MASSIVE WELL DONE on the 2 years buddy Good

I believe to Fully quit you have to reach your lowest low in life - maybe potentially losing your children was your point mate.

I am actually 12 years next month, but I was just meaning counting back 13 years I was still living my life just like that.

hogwild's picture

Gotcha brother, congratulations on 12 next month!!! Bro that's phenomenal. Would you have ever believed in the last days of your addiction you would have this long sober?

press1's picture

Mate I was talking out loud to myself on an evening drive the other night about this exact scenario - I simply cannot believe I've not had the Alcohol feeling cursing through my veins and mind for almost 12 years now. Absolutely no way would I of believed I would or could ever do that - UNTHINKABLE. If you could bottle and sell that 'hit' that you get after a couple of drinks - the Euphoria, Escapism, Belief, Numbness etc then you'd be a Billionaire because it is undeniably a great feeling - BUT the problem is that's only 5% of the whole experience, because the other 95% is all the shit that comes with it and after it, and it eventually becomes your life on a daily basis when you chase it 24/7. In fact once you begin constantly chasing it you never achieve it like you did in the early days lol Lifting absolutely has paid a HUGE part for me in remaining sober - that has become the 'HIT' and drinking again would only damage this new life I've found.

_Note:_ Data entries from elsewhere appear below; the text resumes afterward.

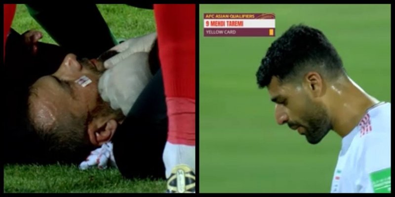 اما در دقیقه ۸۱ طارمی در یک نبرد هوایی آرنج طارمی به صورت بازیکن حریف برخورد کرد و او مصدوم شد. داور که این صحنه از چشمش دور نمانده بود مهدی را با کارت زرد جریمه کرد. شاید اگر داور سخت گیرانه‌تر قضاوت می‌کرد طارمی با یک کارت قرمز بد موقع مواجه می‌شد. هرچند که در صحنه معلوم بود عمدی در کار مهاجم ایران نبوده اما در این سطح و با توجه به بازی‌های حساس پیش رو باید در حرکاتش دقت بیشتری به خرج دهد.
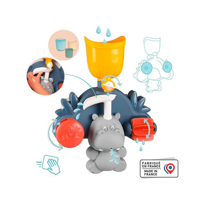 Іграшка для ванної Smoby Little Водяний млинок. Бегемот", з аксесуарами (140405)
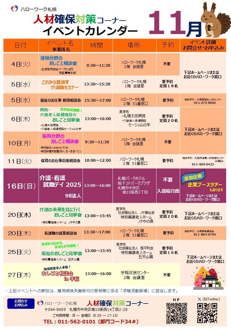 11月 5 日(水) 会場集合 ハローワーク札幌(※1)

Hope you are having a great day buddy, Great to have you back on the site and your support. Stop buggering off each time!! Lol Smile

sandman3698's picture

I'm not a recovering addict myself, but I do also hope all that are, are staying strong and finding more constructive things to fill their days with.

press1's picture

Preved I would like to think that this is more than just a Recovering Addiction Group these days buddy, but more of a place where we all share an equal understanding of what its like to go through very tough times in life and that if you need to speak to other's who show care and empathy for fellow members and their well being then this is the place where you are more than welcome to join.

Life isn't a constant high of pumping steroids and kicking ass in the gym everyday, unfortunately there are the lows out there too which at some point we all have to deal with and overcome.